# NSW Longy 12.11.12



## Wrassemagnet (Oct 17, 2007)

I went fishing this morning with Gary.

I liked it when it was time for show and tell. What's that you've got there Gary?










"A really big fishy!"


----------



## SkybluCraig (Sep 28, 2010)

Nice one - looks a bit choppy out there for me though.


----------



## Marty75 (Oct 23, 2007)

Nice one Gary!
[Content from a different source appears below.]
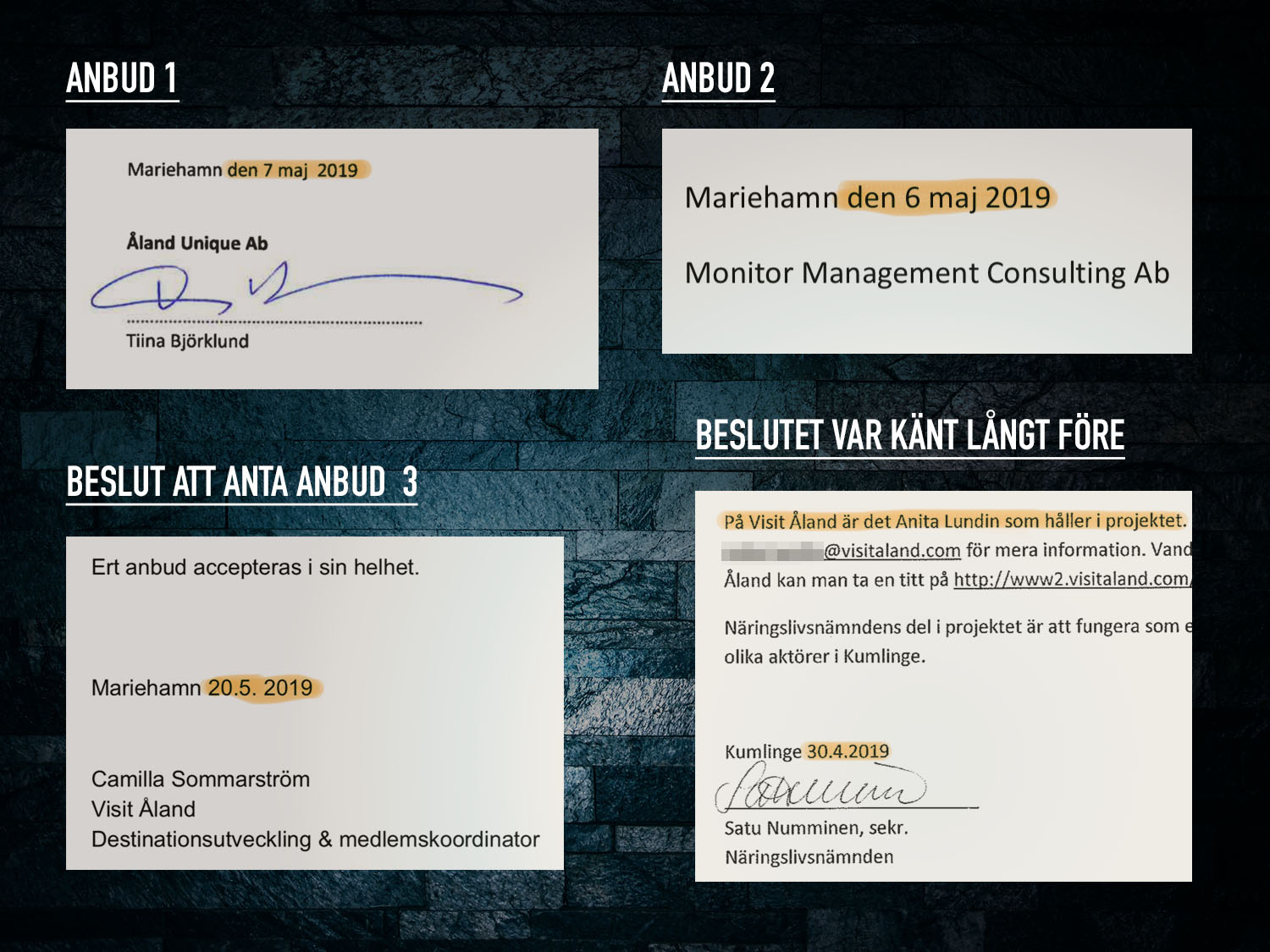 I dokumenten som Ålands Nyheter får av landskapsregeringen framgår det att Anita Lundins offert var den billigaste utav tre anbud som begärts in av Visit Åland. Det framgår också att Anita Lundin tidigare varit anställd hos Visit Åland och att en annan av de tre personerna som fick chans att ge anbud på projektet är en kvinna som är anställd på chefsposition hos Visit Åland för närvarande.

PB?

What outfit did you get him on?

How good do the conditions look.

Marty


----------



## paulthetaffy (Jan 27, 2010)

Nice one Gary!! Looks fab out there!

Anything for you Jim?


----------



## Nbh00d (Feb 12, 2012)

I was there last Thurs and the kings didn't show up possibly due to the thunderstorm and cold water    Now seeing this photo just makes me want to cry hard


----------



## carnster (May 27, 2008)

Awesome conditions 4 sure nice kingy


----------



## Wrassemagnet (Oct 17, 2007)

paulthetaffy said:


> Nice one Gary!! Looks fab out there!
> 
> Anything for you Jim?


Mum forgot to pack me a big fishy so I showed Gary some rats and stuff. He was happy when I gave him some squid in the carpark before we went and he gave me a little yakka to play with too. A rat ate him and another few rats liked my big white sluggo. Lots of yukky grey sweep ate all of my squid.


----------



## keza (Mar 6, 2007)

You mean you didn't pull in a quick score of Reds before the sun came up ?
Nice fish Gary or do you just have small hands ?
Specs please.And how good is that water.


----------



## Southerly (Apr 20, 2007)

It must be a monday to get conditions like that. Well done.


----------



## avayak (May 23, 2007)




----------